Isolating mRNA using acupuncture (BioTechniques Weekly)
What do you get when you cross eastern medicine with molecular biology? How about a novel way to isolate mRNA from living cells using acupuncture? That’s the work Karl Hasenstein, Ph.D., presented at the CHI qPCR conference held in San Diego this past week.
Original research performed by Dr. Hasenstein’s lab demonstrated glass needles coated with oligodT could successfully isolate mRNA from single cells (for example, Drosophila eggs) and increasing allow for the ability to quantify gene distribution spatially across a gradient within a cell or over time in a developing cell.

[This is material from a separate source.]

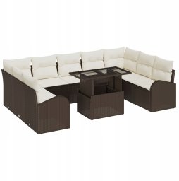 Zestaw kanap ogrodowych 10-częściowy z poduszkami w brązowym polirattanem, Kanapa ogrodowa 2-osobowa z magazynkiem i poduszkami w brązowym polirattanem

The technique, called Solid Phase Gene Extraction, is clean, fast, and specific. The only problem was that with glass needles, there was too much variation in the amount of coating on each tip, and that the glass had a tendency to kill the cells. So they switched to steel acupuncture needles. The advantages of stainless steel needles are the uniformity of coating, allowing for internal normalization in each capture, and the needles do not kill cells. Hasenstein reported that he could pierce a Drosophila egg 4 times to remove mRNA and the eggs still developed normally into adult flies.

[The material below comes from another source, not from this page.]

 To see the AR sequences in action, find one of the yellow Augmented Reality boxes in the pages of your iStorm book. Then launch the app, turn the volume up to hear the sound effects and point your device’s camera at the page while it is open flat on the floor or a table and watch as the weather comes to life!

What was really impressive is the kinetics of binding. Data presented showed that within 60 seconds, the amount of RNA captured in the vicinity of the needle reached full saturation.
The needles were then placed in a PCR tube and mRNA eluted with 5 µL of buffer and one-step qRT-PCR carried out on the complete captured material. qRT-PCR results demonstrated very sensitive and correct expression of RNA in the Drosophila embryo that correlated precisely with existing data for the genes examined. Additional work used the same technique for budding seeds and for examining tumor tissues.

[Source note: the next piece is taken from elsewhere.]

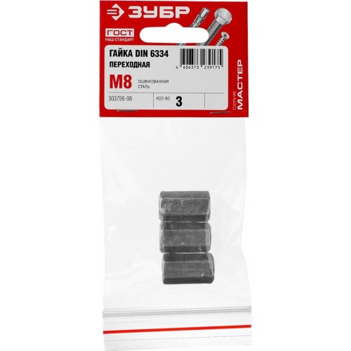 Гайка DIN 6334 переходная ЗУБР Мастер 303756-08, применяется для крепления различных деталей и конструкций в машиностроении и строительстве. Благодаря удлиненной форме гайка переходная используется для наращивания длины шпилек, болтов или винтов. Цинковое покрытие защищает от коррозии и продлевает срок службы изделия. Гайка переходная изготовлена из высококачественной стали в полном соответствии с действующими стандартами и техническими предписаниями.

The power of the acupuncture technique is that rare or limiting specimens can be examined for expression levels without harming them so they can be used for other studies such as DNA or protein analysis.
In cases where the sample needs to be shared among many researchers, this can be an effcient way to collect as much data out of a single sample as possible.
Additional applications for this technique are easy to foresee. Forensic samples could be probed with stainless steel-coated STR-linked capture probes to pull human DNA out of very tiny and dilute samples and used directly in STR profiling and avoiding the need for nucleic acid extraction. Seeds could be sampled for genetic modifications without concern for having to accomodate difficult PCR inhibitors. Antibody-coated needles can allow for quick screening of viral particles direct from patient serum or blood without tedious procedures. The possibilities for increasing scientific discovery as well as the commercial potential are boundless.
To continue further studies Hasenstein explains that additional funding will be needed to support research efforts. They are looking for commercial partners to help develop the method for use in more than just Drosophila. Based on sensitivity of the qPCR results presented at the CHI conference, the potential uses appear to be well worth the investment.